As an economist, working with empirical research and data is crucial for making data-driven decisions, and data science helps transform raw data into understanding, knowledge, and insights to support this process. A tidy workflow focuses on the tools needed to carry out this process effectively.

Tidy workflow, Image recreated from R for Data Science (2e) (https://r4ds.hadley.nz/intro.html)

When working with data, the first step is to import it into our data science environment. Next, we tidy up the data to make it clean and usable. Then, as data scientists, our main task is to understand the data using three key tools: transformation, visualization, and modeling. Finally, we communicate our results to the right people to support decision-making.

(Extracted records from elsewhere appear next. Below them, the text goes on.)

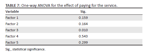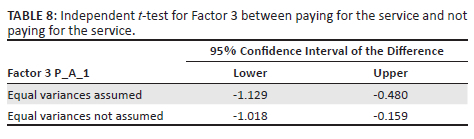 The second gap analysis is used to study the relationship between the effect of responsibility for paying for the service and the gap scores. As the test of homogeneity of variance is not significant, one-way ANOVA can be used. Table 7 shows that Factor 3 is significant at 95% confidence. The means for the two groups (those who are responsible for paying for the service and those who are just users and not responsible for paying for the service) are compared by conducting independent t-test at 95% confidence (as shown in Table 8.). It is observed that the perceptions of one of the assurance questions is significantly different between those who pay for the service and the others who do not pay for it. It can be concluded that Factor 3 (assurance and responsiveness) is significant and that, for the first assurance question, the perception of those responsible for paying the bill is less than those who are just users and not responsible for paying for the service themselves.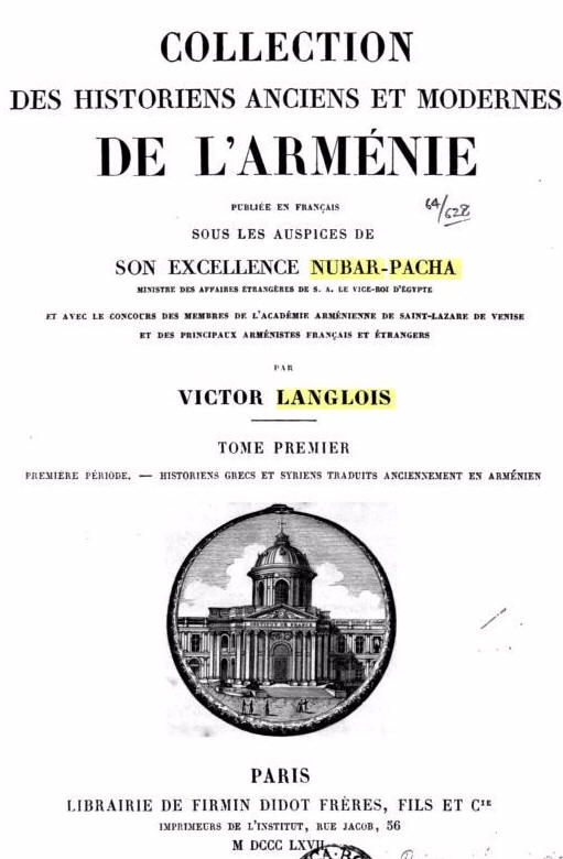 MAR APAS CATINA.HISTOIRE ANCIENNE DE L’ARMÉNIE,EXTRAITE DE L’HISTOIRE DES PREMIERS ANCETRES, TRADUITE DU CHALDÉEN EN GREC PAR ORDRE D’ALEXANDRE LE GRAND, ET CONSERVEE EN PARTIE PAR MOÏSE DE KHORÈNE. TRADUCTION NOUVELLE EN FRANÇAIS AVEC DES NOTES HISTORIQUES, CRITIQUES ET PHILOLOGIQUES, par VICTOR LANGLOIS.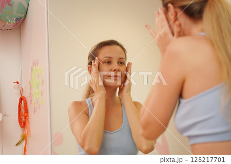 Young woman in a modern bathroom washing her face and brushing her teeth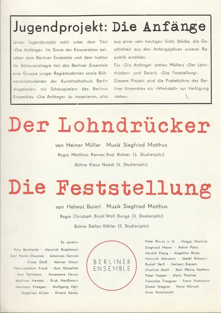 Berliner Ensemble: Werbeflyer Heiner Müller DER LOHNDRÜCKER / Helmut Baierl DIE FESTSTELLUNG.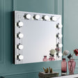 Feel fabulous with every glace and always be the star of the show with the Noralie Hollywood mirror. This mirror will change the way you do your hair and makeup, making the entire experience much more enjoyable. This vanity mirror is designed for wall-mount use. The inlaid faux diamonds add more dazzle to the piece. *Bulbs Not Included

The tidyverse package is a collection of R packages that work together to make data analysis easier. When you load tidyverse, it also loads several useful packages, including: dplyr, readr, forcats, stringr, ggplot2, tibble, lubridate, tidyr and purrr

library(tidyverse)

Let’s dive into each of these steps in the tidy workflow and explore the tools available in the R ecosystem.

5.2 Import data

When you work with data, you save your raw data in a separate file, like a CSV. You can easily load this external data into the data science environment using the readr package.

5.2.1 Read data files into a tibble

Download the dataset: touristsl.csv

data1 <- read_csv("touristsl.csv")

If the data file is in another folder within the current working directory, you can use the here function from the here package. With respect to the current working directory, the here function helps you define the file path starting from there.

For example, if you have a file called “touristsl.csv” inside a folder called “data” in the current working directory, and you are currently in the working directory, you would need to open the data folder to access the CSV file. In the here function, you define the path as here("data", "touristsl.csv"). Each folder you want to open is listed, and they are separated by commas.

library(here)
data <- read_csv(here("data", "touristsl.csv"))

5.3 Export data

Similarly, to save a data file, we can use the write_csv function.

weight <- c(50,44,60)
height <- c(150,160,163)
ds <- tibble(weight, height)
write_csv(ds, "ds.csv")

If you want to save the data file in another folder within the current working directory, use the here function to define the file path.

library(here)
write_csv(ds, here("data", "ds.csv"))